Rapid, automated capture screening of influenza antiviral targets using Nicoya Alto® digital surface plasmon resonance


Rapid screening and kinetic characterization of medium sized libraries is commonly seen as one of the initial steps within the drug discovery process. Screening assays are used to quickly test and select the best candidates that bind to or affect a desired target. Label-free surface plasmon resonance (SPR) is often used to conduct medium to high-throughput screening to test for real-time binding activity of a variety of biological and chemical compounds. Capture screening is a new assay offered on Alto™, Nicoya’s digital microfluidics (DMF) based SPR instrument.

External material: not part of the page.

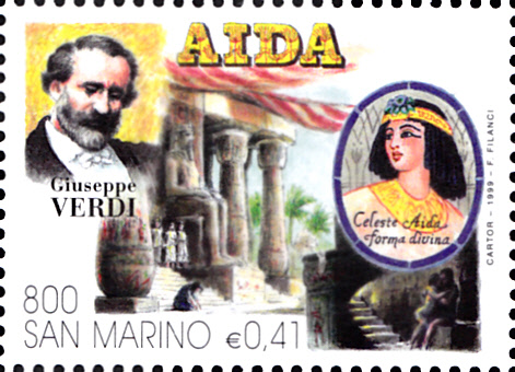 In San Marino ist in der Ausgabe "400 Jahre Oper" eine Marke (MiNr 1819) zu Ehren von Giuseppe Verdi erschienen. Auf der Marke werden ein Porträt von Giuseppe Verdi und eine Szene aus der Oper "Aida" gezeigt.

The simple, pre-configured capture screening protocol allows users to establish binding activity of up to 96 interactions on one cartridge with only 2 µL of sample. This application note demonstrates that Alto can bring rapid assay development and minimized instrument maintenance to accelerate your antibody identification and characterization flow, with intuitive software features. This feature is tailored to expedite assay development in biopharmaceutical lead discovery, antibody engineering and preclinical assay development.

Series of sensorgrams collected for a single lane of the capture screening assay with high throughput expansion turned on. The sensorgrams show the capture (or absence of capture) of the ligand followed by washing with buffer and then binding (or absence of binding) of the antigen. Antibodies loaded in wells D1-I1 are tested against both antigens, resulting in an overlay of twelve curves for each lane of test, and 96 overall.